#### Exercise prompt
Every line below from the one with "Puriflame Pure Wheat" through the one with "Rose Red Notched Neck Ruffle Sleeve Blouse" is to be repeated exactly, with no picture among them.

#### Provided entries
[Start of Attachment]
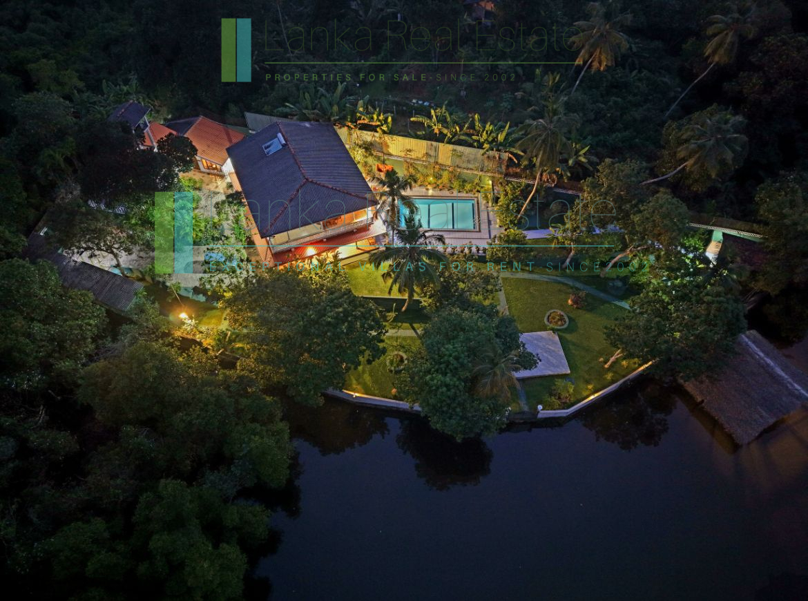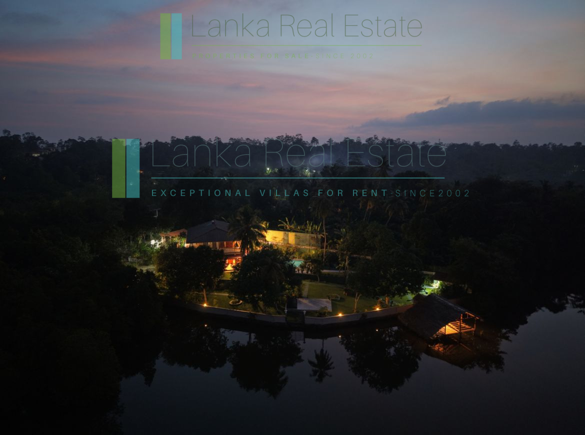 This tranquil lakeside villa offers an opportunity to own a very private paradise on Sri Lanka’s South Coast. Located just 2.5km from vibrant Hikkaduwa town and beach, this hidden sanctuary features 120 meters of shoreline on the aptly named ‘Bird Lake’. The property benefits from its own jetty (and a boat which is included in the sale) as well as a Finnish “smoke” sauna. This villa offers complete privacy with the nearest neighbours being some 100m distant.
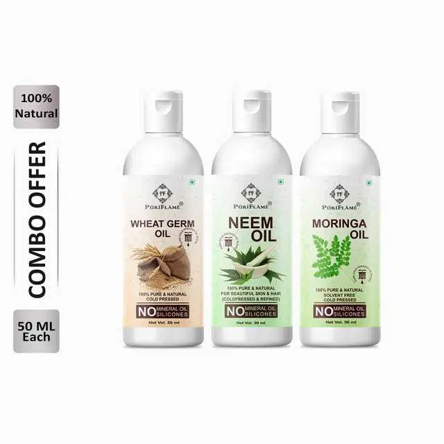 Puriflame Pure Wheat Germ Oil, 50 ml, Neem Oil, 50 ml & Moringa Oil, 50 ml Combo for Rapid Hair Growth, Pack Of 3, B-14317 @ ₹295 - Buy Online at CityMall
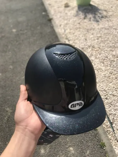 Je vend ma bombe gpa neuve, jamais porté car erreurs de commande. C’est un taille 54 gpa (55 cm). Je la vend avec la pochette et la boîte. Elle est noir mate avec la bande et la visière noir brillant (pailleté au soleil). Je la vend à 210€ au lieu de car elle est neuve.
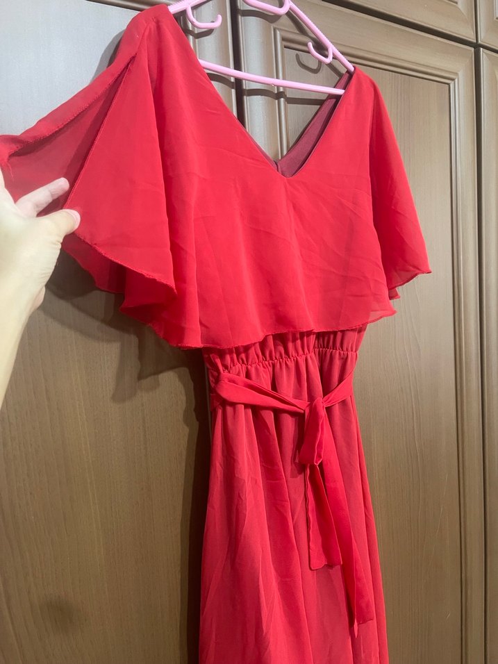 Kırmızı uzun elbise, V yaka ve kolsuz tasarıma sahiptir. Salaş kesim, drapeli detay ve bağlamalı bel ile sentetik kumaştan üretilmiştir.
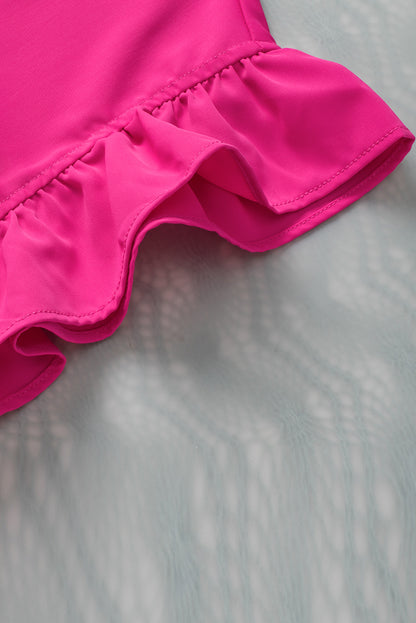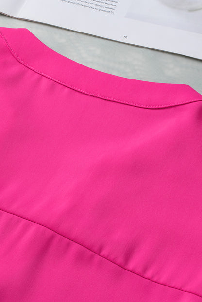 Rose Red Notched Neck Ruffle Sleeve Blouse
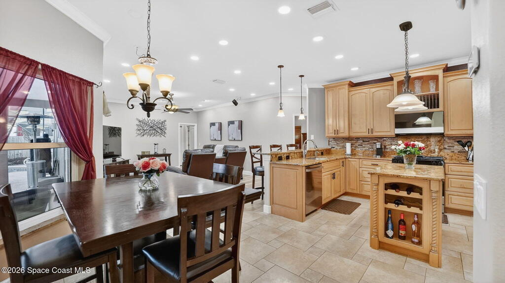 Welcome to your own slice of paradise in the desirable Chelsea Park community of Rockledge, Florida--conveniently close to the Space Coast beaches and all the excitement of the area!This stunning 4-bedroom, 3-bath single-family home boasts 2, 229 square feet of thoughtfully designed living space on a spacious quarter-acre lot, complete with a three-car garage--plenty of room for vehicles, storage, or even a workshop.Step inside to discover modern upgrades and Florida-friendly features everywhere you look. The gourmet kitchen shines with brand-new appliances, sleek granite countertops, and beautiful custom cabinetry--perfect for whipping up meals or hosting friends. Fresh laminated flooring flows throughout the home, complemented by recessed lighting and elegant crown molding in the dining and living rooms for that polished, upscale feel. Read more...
[End of Attachment]
#### Output of the exercise
 Puriflame Pure Wheat Germ Oil, 50 ml, Neem Oil, 50 ml & Moringa Oil, 50 ml Combo for Rapid Hair Growth, Pack Of 3, B-14317 @ ₹295 - Buy Online at CityMall
 Je vend ma bombe gpa neuve, jamais porté car erreurs de commande. C’est un taille 54 gpa (55 cm). Je la vend avec la pochette et la boîte. Elle est noir mate avec la bande et la visière noir brillant (pailleté au soleil). Je la vend à 210€ au lieu de car elle est neuve.
 Kırmızı uzun elbise, V yaka ve kolsuz tasarıma sahiptir. Salaş kesim, drapeli detay ve bağlamalı bel ile sentetik kumaştan üretilmiştir.
 Rose Red Notched Neck Ruffle Sleeve Blouse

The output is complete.